NADPH oxidases (Nox) are major enzymatic producer of reactive oxygen species (ROS). In fungi these multi-enzyme complexes are involved in sexual differentiation and pathogenicity. However, in contrast to mammalian systems, the composition and recruitment of the fungal Nox complexes are unresolved. Here we introduce a new Nox component, the membrane protein NoxD in the grey mold fungus Botrytis cinerea. It has high homology to the ER protein Pro41 from Sordaria macrospora, similar functions to the catalytic Nox subunit BcNoxA in differentiation and pathogenicity, and shows similarities to phagocytic p22phox. BcNoxA and BcNoxD interact with each other. Both proteins are involved in pathogenicity, fusion of conidial anastomosis tubes (CAT) and formation of sclerotia and conidia. These data support our earlier view based on localization studies, for an ER-related function of the Nox complex. We present the first evidence that some functions of the BcNoxA complex are indeed linked to the ER, while others clearly require export from the ER.

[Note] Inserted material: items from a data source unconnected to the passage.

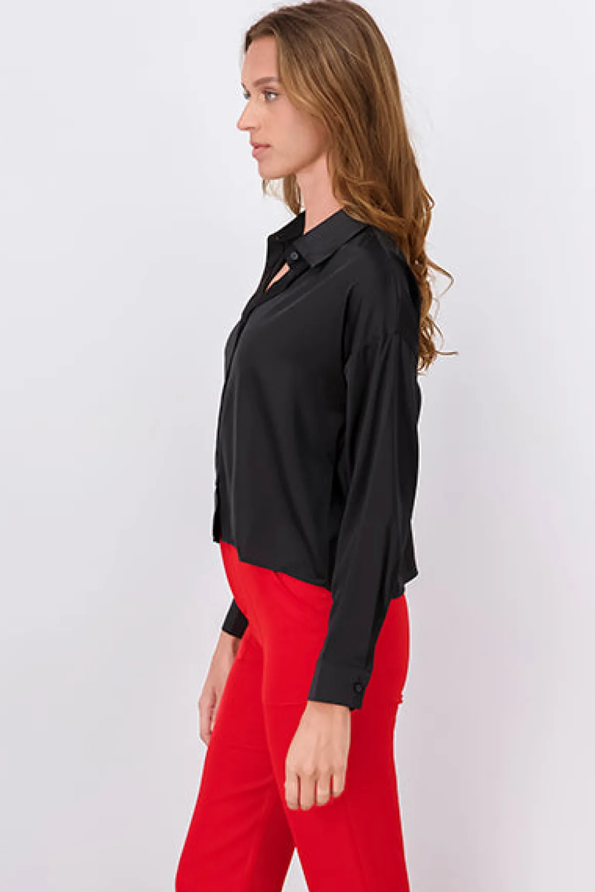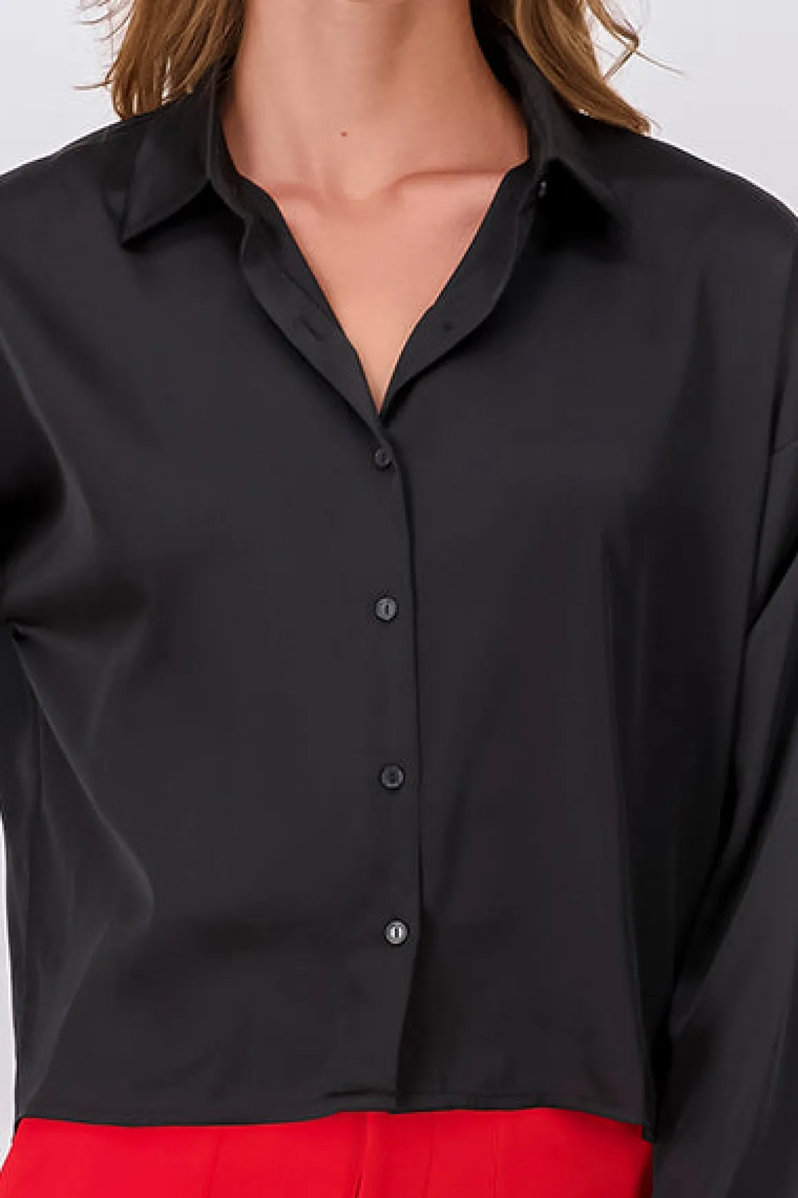 Camisa lisa de satín con cuello solapa y manga larga. Botones frontales, perfecta para combinar en cualquier ocasión.
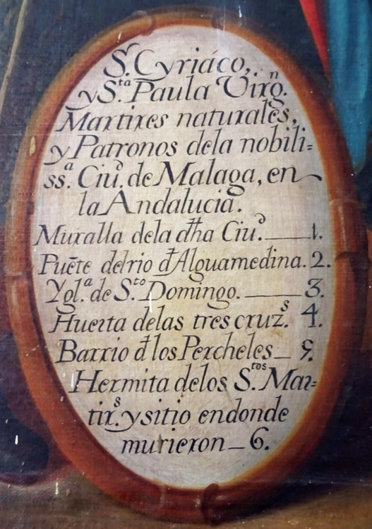 Tras presentar a los santos textual y gráficamente como patronos de la ciudad, analizaré la obra con base en lo recogido en la cartela -como hasta ahora-, atendiendo en este caso a los últimos detalles de su encabezado, que según recordamos cita: “San Ciriaco y santa Paula Virgen, mártires naturales y patronos de la nobilísima ciudad de Málaga, en la Andalucía.”. La referencia a la “nobilísima” ciudad de Málaga responde al título de “muy noble” que le fue concedido ya en 1492 y que aun hoy se suma a otros en su lema.67 La alusión a la región de España de la que forma parte queda justificada por la posibilidad de que su ubicación no fuese conocida entre el público novohispano que contemplara la pieza. Y además, evita posibles confusiones con cualquiera de las 18 otras localidades menores que llevan el nombre de esta ciudad por distintas regiones del mundo, incluyendo varias en territorios estadounidenses antes novohispanos, y una aún en el estado mexicano de Durango.68
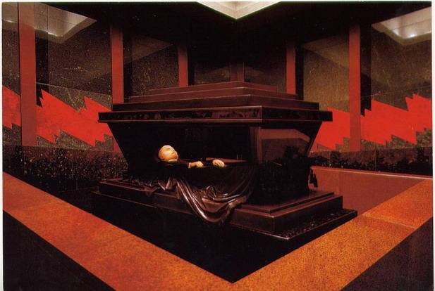 沿黑色大理石臺(tái)階而下,轉(zhuǎn)彎即進(jìn)入陵墓中心――悼念大廳。大廳四周環(huán)鑲紅磚,墻壁上有用花崗石雕刻的蘇聯(lián)國(guó)徽和國(guó)旗。
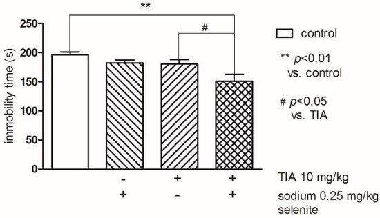 Figure 5. The effects of combined administration of Se and tianeptine (TIA) on the total duration of immobility in the FST in mice. The values represent the mean ± SEM. Sodium selenite was injected IP 30 min before the test. ** p < 0.001 vs. control vehicle-treated group, # p < 0.05 vs. TIA (Bonferroni’s test).
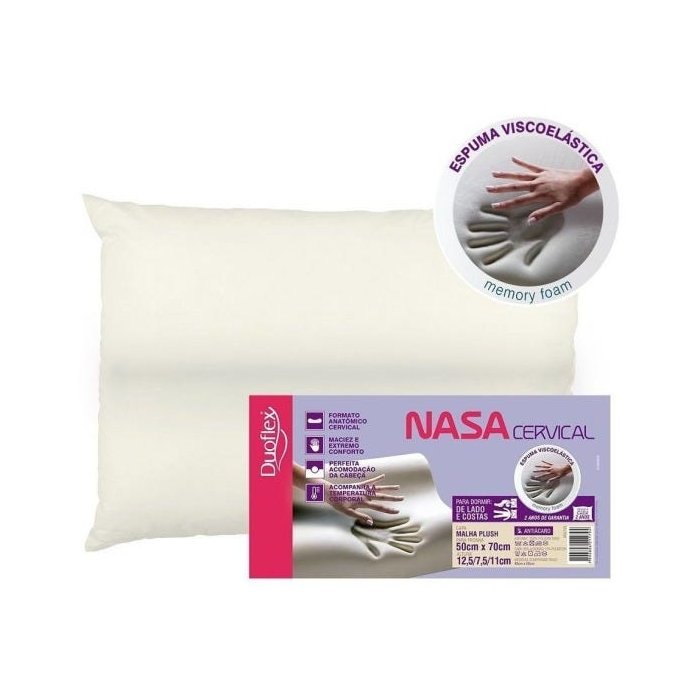 Travesseiro NASA Viscoelástico Cervical DuoflexNASA é uma espuma viscoelástica de última geração, moldada com alta viscosidade e densidade, recomendada por ortopedistas e fisioterapeutas e comercializado em mais de 40 países no mundo. Um travesseiro automoldável e termossensível, que se adapta ao contorno e temperatura do corpo, exercendo menos pressão nas áreas mais quentes ou salientes, facilitando assim, a circulação sanguínea.O Travesseiro Nasa Cervical Duoflex é ideal para a posição natural de descanso em formato anatômico cervical, oferendo maior capacidade de absorção do peso e distribuição equalizada da pressão sobre o corpo, agindo como um verdadeiro amortecedor.Características:- Tamanho para fronha 50x70 cm- Espuma Viscoelástico NASA .- Capa com Zíper em Malha Plush, 85% Algodão e 15% Poliéster- Medidas Semiperimetrais: 48 cm x 68 cm x 12 cm* Embalado a vácuo, enrolado dentro da caixa.
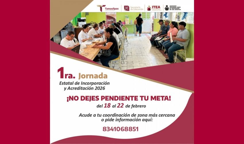 El Instituto Tamaulipeco de Educación para Adultos invita a personas de 15 años o más, a participar en la Primera Jornada Estatal de Incorporación y Acreditación 2026, para certificar sus estudios de primaria y/o secundaria.
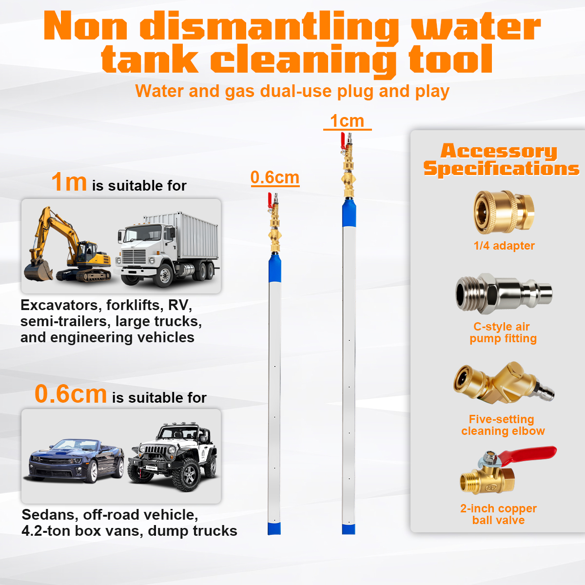 Universal Applicability Across Multiple Vehicle Models: With a slim profile of just 5mm, our car water tank cleaning wand effortlessly reaches radiators of various vehicles, including trucks, cars, excavators, harvesters, and more. Its multifunctionality extends to car exterior and chassis cleaning, making it an indispensable tool for diverse automotive needs
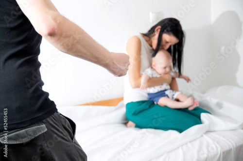 © Mediteraneo, Obraz premium Men beating his wife and child at home
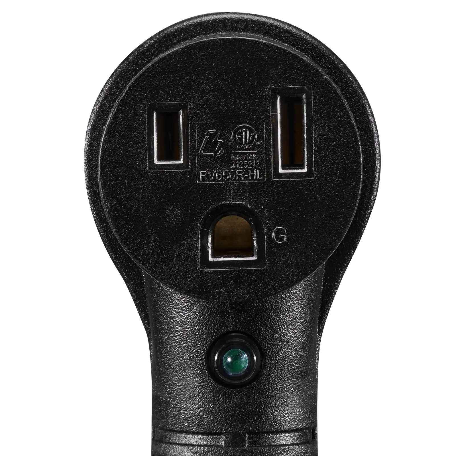 The cord has a configuration of 250 volts with a max rating of 7500 watts. With these traits, our locking power cord allows you to connect the campground or park power to your RV, Motorhome, Trailer, or vehicle with a built-in N6-50R inlet.
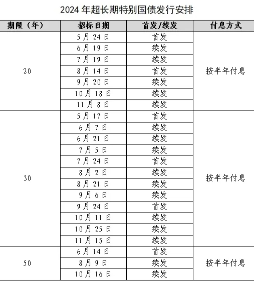 根據(jù)此次安排,今年超長(zhǎng)期特別國(guó)債發(fā)行期限分別為20年、30年和50年,付息方式均為按半年付息。其中,20年期超長(zhǎng)期特別國(guó)債發(fā)行7只,首發(fā)2只、續(xù)發(fā)5只;30年期超長(zhǎng)期特別國(guó)債發(fā)行12只,首發(fā)3只、續(xù)發(fā)9只;50年期超長(zhǎng)期特別國(guó)債發(fā)行3只,首發(fā)1只、續(xù)發(fā)2只。
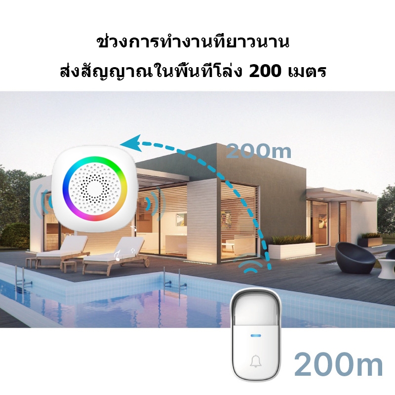 freesky กริ่งไร้สาย ไร้สายไม่ต้องใช้ถ่าน ไม่ต้องเสียบปลั๊ก ทนแดด ทนน้ำ ปรับเสียงได้ 60 แบบ
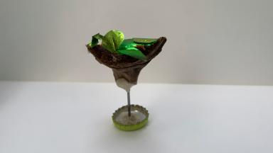 5. Rita Veres, Ephemeral Chalice (cup of life), 2025. Miniature sculpture assemblage. Beer bottle cap, nail, chewing gum, wood chip, artificial flower. 15 x 10 x 5 cm. Shown at Generator Berlin Mitte.
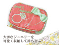 大人気のアクセサリーポーチ。落ち着いたカラーに、リングとネックレスのシルエットが刺繍され、右上にはリボンも付いて♪もう可愛さ満点!!ピンクとライトグリーンの配色も素敵です。大切なアクセサリー&ジュエリーをしっかり収納できる工夫がたくさん!リングホルダーやピアスホルダーに加え、ファスナー部分はちょっとした小物が収納できるようになっています。内側がお花柄なのもとってもかわいいポイント♪よく見るとリングのダイヤ部分にも内側と同じお花柄があしらわれています。軽くて汚れにも強いナイロン製。旅行先はもちろん!普段の付け替え用に持ち歩いたり、お家の収納用にも◎。贈り物にもおすすめです。
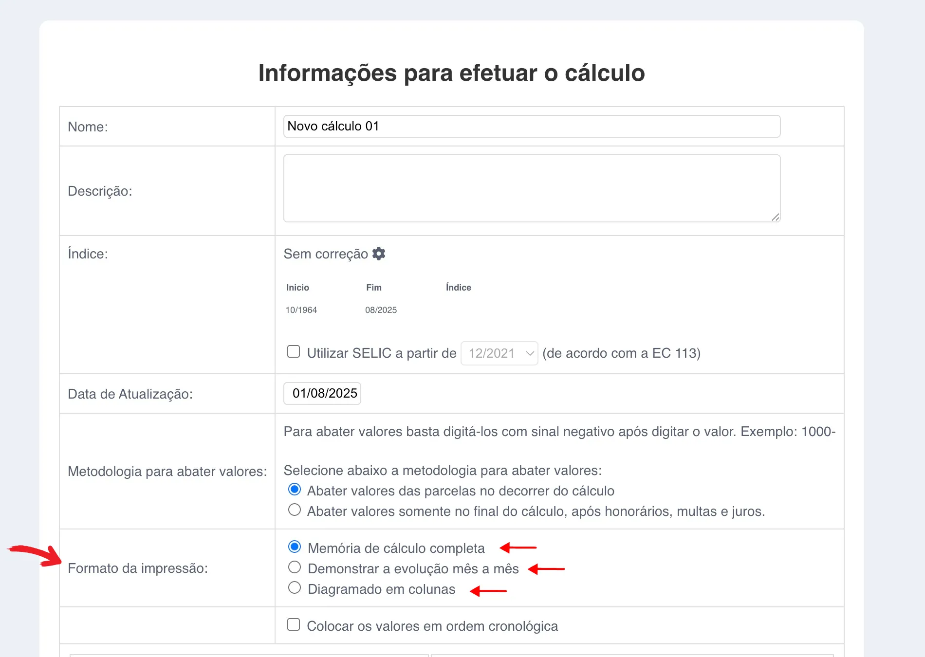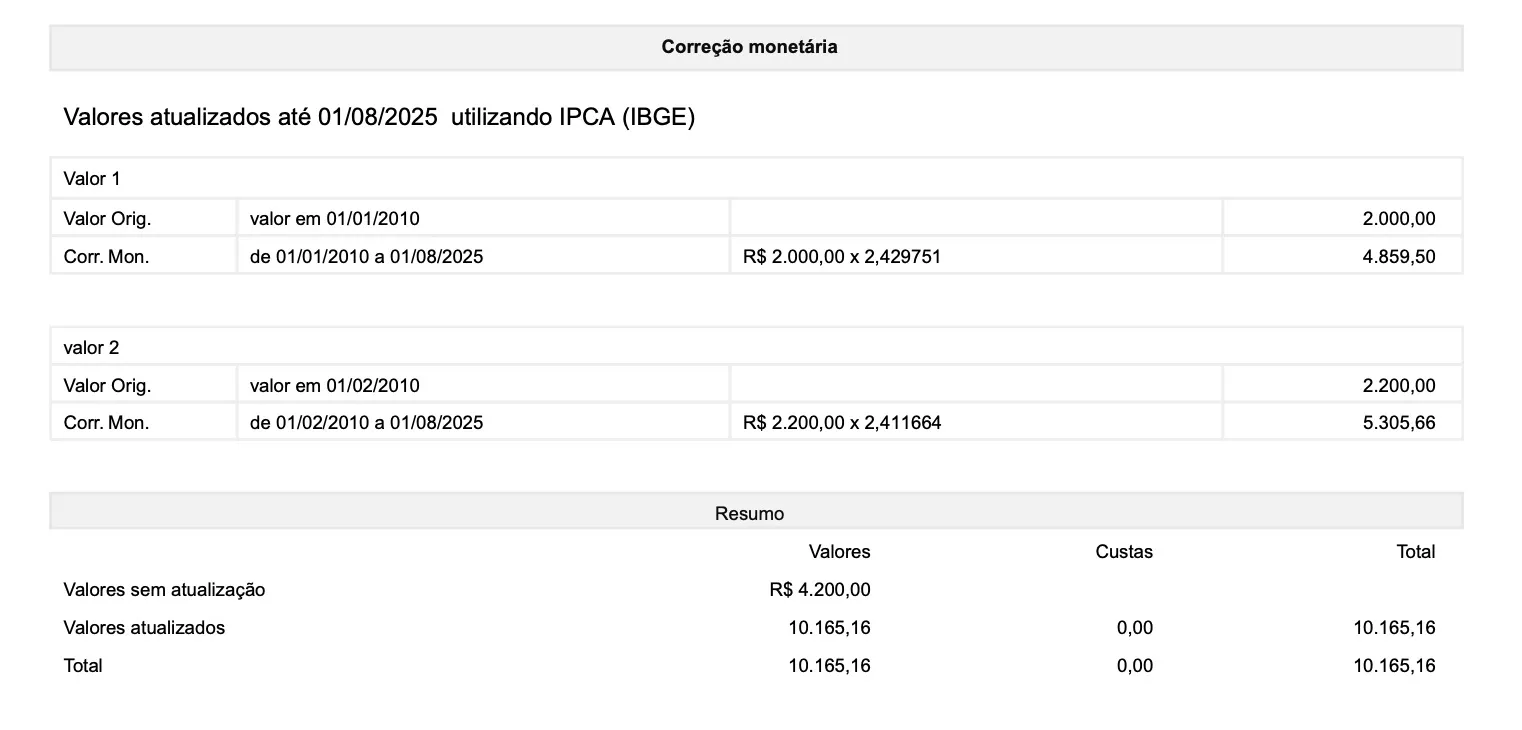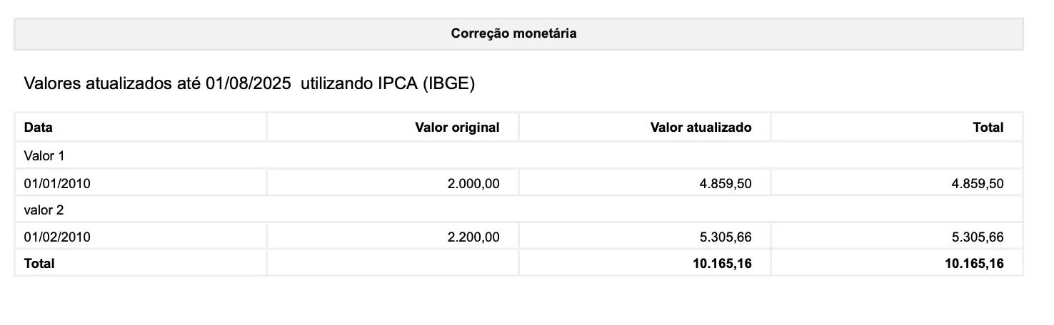 A demonstração da evolução mês a mês de seu cálculo representa minuciosamente as atualizações de determinado valor, mensalmente. No exemplo a seguir, um valor com data 01/01/2010 foi atualizado até 01/08/2025, com índice IPCA (IBGE) para correção monetária. Observe o exemplo:
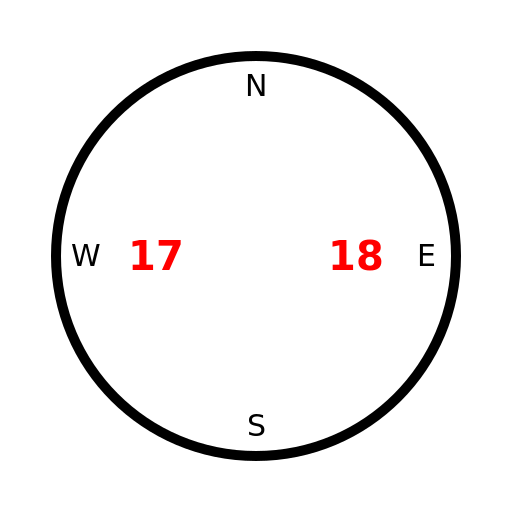 // "Compass Tattoo with Highlighted Numbers 17 and 18"

A new and reliable method for live imaging and quantification of reactive oxygen species in Botrytis cinerea: technological advancement.

Reactive oxygen species (ROS) are produced in conserved cellular processes either as by-products of the cellular respiration in mitochondria, or purposefully for defense mechanisms, signaling cascades or cell homeostasis. ROS have two diametrically opposed attributes due to their highly damaging potential for DNA, lipids and other molecules and due to their indispensability for signaling and developmental processes. In filamentous fungi, the role of ROS in growth and development has been studied in detail, but these analyses were often hampered by the lack of reliable and specific techniques to monitor different activities of ROS in living cells. Here, we present a new method for live cell imaging of ROS in filamentous fungi. We demonstrate that by use of a mixture of two fluorescent dyes it is possible to monitor H2O2 and superoxide specifically and simultaneously in distinct cellular structures during various hyphal differentiation processes. In addition, the method allows for reliable fluorometric quantification of ROS. We demonstrate that this can be used to characterize different mutants with respect to their ROS production/scavenging potential.